2. Vendors commonly assert that contributions to their plan are tax deductible because they
fall within the limitations imposed under IRC §419; however, §419 is simply a limitation on tax
deductions. Providers must cite the section of the IRC under which contributions to their plan
would be tax-deductible. Many fail to do so. Others claim that the deductions are ordinary
and necessary business expense under §162, citing Regs. §1.162-10 in error: there is no
mention in that section of life insurance or a death benefit as a welfare benefit.
3. The reason that promoters fail to cite a section of the IRC to support a tax deduction is
because, once such section is cited, it becomes apparent that their method of covering only
selected key and highly-compensated employees for participation in the plan fails to comply
with IRC §414(t) requirements relative to coverage of controlled groups and affiliated service
4. Life insurance premiums could be treated as W-2 wages and deducted under §162 to the
extent they were reasonable. Other than that, however, no section of the Internal Revenue
Code authorizes tax deductions for a discriminatory life insurance arrangement. IRC §264(a)
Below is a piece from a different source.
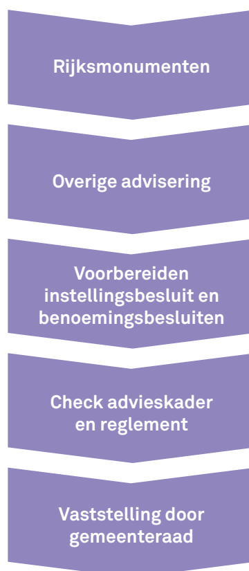
Figuur 1 Kwaliteitsadvisering continueren in vijf stappen

De bepalingen over de adviescommissie(s) uit de erfgoedverordening en de bouwverordening kunnen niet zonder meer worden omgezet. Een test in enkele gemeenten wijst uit dat het handig is om een matrix te maken waarin de artikelen uit de bestaande verordeningen en reglementen naast de artikelen uit de voorbeeldregels in het nog te verschijnen Deel 2 geplaatst worden. Dit helpt bij het denkproces van bestaand naar nieuw. De instelling van een gemeentelijke adviescommissie – zelfs al is dit een voortzetting van de huidige situatie – kan in feite niet los gezien worden van het bredere transitieproces om het kwaliteitsbeleid onder de Omgevingswet uit te werken. In hoofdstuk 5 besteden we daar aandacht aan. In dit hoofdstuk beschrijven we ‘sec’ hoe gemeenten te werk kunnen gaan bij het omzetten van het huidige adviesstelsel. Dit is kort dag: het instellen van een gemeentelijke adviescommissie is voor alle gemeenten met gebouwde en aangelegde rijksmonumenten een wettelijke plicht die bij het inwerkingtreden van de Omgevingswet op orde moet zijn.

provides that “[n]o deduction shall be allowed for * * * [p]remiums on any life insurance
policy * * * if the taxpayer is directly or indirectly a beneficiary under the policy.” As was
made clear in the Neonatology case (Neonatology Associates v. Commissioner, 115 TC 5,
2000), the appropriate treatment of employer-paid life insurance premiums under a putative
welfare benefit plan is under §79, which comes with its own nondiscrimination requirements.
5. Some plans claim to impute income for current protection under the PS 58 rules. However,
PS58 treatment is available only to qualified retirement plans and split-dollar plans. (Note:
none of the 419(e) plans claim to comply with the split-dollar regulations.) Income is imputed
under Table I to participants under Group-Term Life Insurance plans that comply with §79.
This issue is addressed in footnotes 17 and 18 of the Neonatology case.
6. Several of the plans claim to be exempt from ERISA. They appear to rely upon the ERISA
Top-Hat exemption (applicable to deferred compensation plans). However, that only exempts
a plan from certain ERISA requirements, not ERISA itself. It is instructive that none of the
plans claiming exemption from ERISA has filed the Top-Hat notification with the Dept. of
7. Some of the plans offer severance benefits as a “welfare benefit”, which approach has
never been approved by the IRS. Other plans offer strategies for obtaining a cash benefit by
terminating a single-employer trust. The distribution of a cash benefit is a form of deferred
compensation, yet none of the plans offering such benefit complies with the IRC §409A
requirements applicable to such benefits.
8. Some vendors permit participation by employees who are self-employed, such as sole
proprietors, partners or members of an LLC or LLP taxed as a partnership. This issue was
also addressed in the Neonatology case where contributions on behalf of such persons were
deemed to be dividends or personal payments rather than welfare benefit plan expenses.
[Note: bona fide employees of an LLC or LLP that has elected to be taxed as a corporation
may participate in a plan.]
9. Most of the plans fail under §419 itself. §419(c) limits the current tax deduction to the
“qualified cost”, which includes the “qualified direct cost” and additions to a “qualified asset
account” (subject to the limits of §419A(b)). Under Regs. §1.419-1T, A-6, “the "qualified
direct cost" of a welfare benefit fund for any taxable year * * * is the aggregate amount which
would have been allowable as a deduction to the employer for benefits provided by such fund
during such year (including insurance coverage for such year) * * *.” “Thus, for example, if a
calendar year welfare benefit fund pays an insurance company * * * the full premium for
coverage of its current employees under a term * * * insurance policy, * * * only the portion
of the premium for coverage during [the year] will be treated as a "qualified direct cost" * * *.”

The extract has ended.